5 Myths about the Fitness Exercises


1. Sports are for pros only. Only in the context of performing sports does this concept apply. Speed, talents, a certain height, etc., which are necessary for professional athletes, can only be developed; they cannot be generated by training. Almost all sports may be played for the purpose of maintaining the body in excellent condition, as long as the goal of an ordinary person is not performance. It all comes down to how much of the training you decide to complete so that the advantages outweigh the disadvantages.



Professional athletes play sports. Only in the context of performing sports does this concept apply. Speed, talents, a certain height, etc., which are necessary for professional athletes, can only be developed; they cannot be generated by training. Almost all sports may be played for the purpose of maintaining the body in excellent condition, as long as the goal of an ordinary person is not performance. It all comes down to how much training you decide to get so that the advantages outweigh the disadvantages. Tae-bo, mini-triathlons, jogging, etc. are only a few examples of "soft" sports that may be performed.

2. Exercise is exhausting. This theory is accurate as far as it pertains to using up all of your energy (muscular and hepatic glycogen), but it does not imply that exercise causes weariness that would impede the body's ability to recover. Even in performance sports, the goal is to exercise in a way that is more stimulating than tiring so that the body can get the stimulus required to improve qualitatively from one training session to the next.

In fitness, the athlete avoids overexertion, even more so than in other sports. The training must remain effective, however. After a long day at work, people may go to the gym exhausted and leave feeling relaxed (both physically and mentally), not more exhausted. Both individuals who perform sedentary occupations and those who put in physical effort at work will find this to be of great benefit. They may put the training to work by deciding on a sort of effort designed to make up for the one required for their job.
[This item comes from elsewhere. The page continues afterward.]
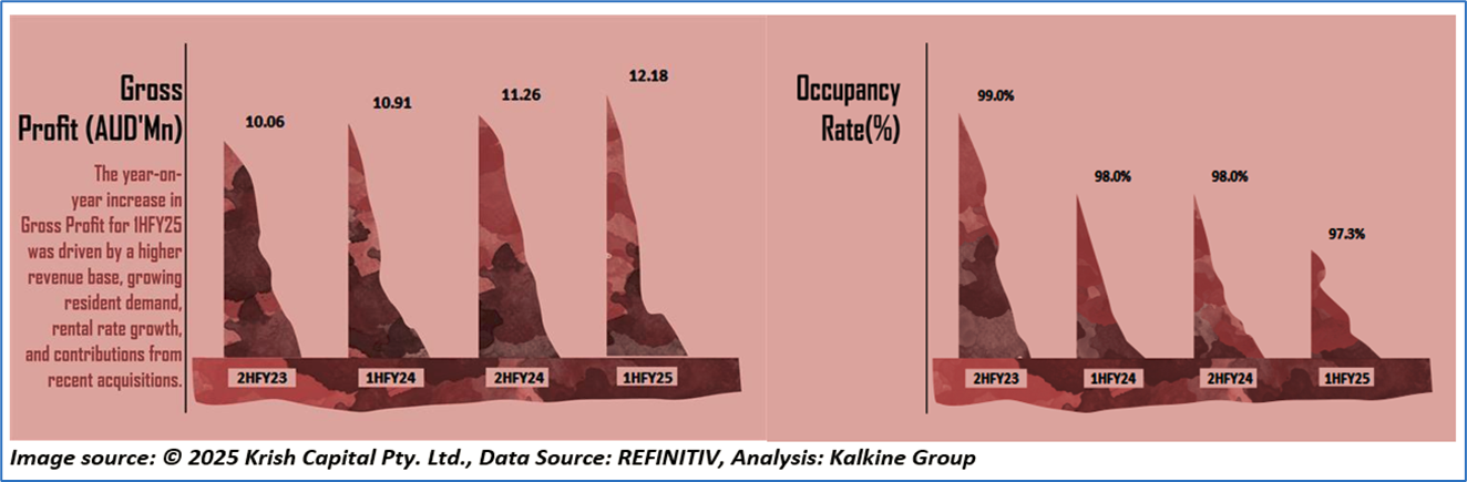 Return on Equity stood at 3.3% in 1HFY25, as compared to the Industry Median figure of 1.1%. Below is captured other metrics showing the trend of Occupancy Rate and Gross Profit:

3. Training is very drawn out. Once again, this principle holds true when it comes to performance, which can only be attained through intense effort. But in this instance as well, quick, very intensive workouts or workouts designed to promote relaxation and recuperation are often done. You may reach a 20-minute training session in fitness by doing just a series of quick exercises, which may directly or indirectly include all the muscles. Anyway, an hour and a half should be plenty for routine exercise. If this doesn't happen, the body will enter a catabolic phase in which the cortisone secretions "cannibalize" the muscles.

4. Exercise of any kind is beneficial for resolving issues. What is said above is accurate in certain specific situations, such as an abundance of fat tissue. Any aerobic activity (running, cycling, swimming) may "melt" this tissue if done for a sufficient amount of time. It was evident even in these situations that certain exercises were more successful than others. There are times when you can only get the results you want by combining a few workouts with a certain quantity of each. Furthermore, consistently doing the same exercise may result in not only a loss of balance in the trained joints and antagonist muscles but also a halting or even reversal of development.

5. How old are you? The workouts are over! This is only accurate when referring to severely taxing activities (lifting a lot of weight, sprinting quickly, leaping, etc.). Numerous workouts have been modified for various age groups. Their goal is to maintain and enhance health while also enhancing physical fitness. The development of movement parameters for older people specifically relates to joint mobility as well as muscle and cardio-vascular resistance. The exercises may be arranged progressively according to their complexity, reducing the danger of accidents since the ultimate goal of training is not competition preparation. Fitness may be easily adapted for older people and even for those experiencing various ailments unique to old age since it is built on endurance.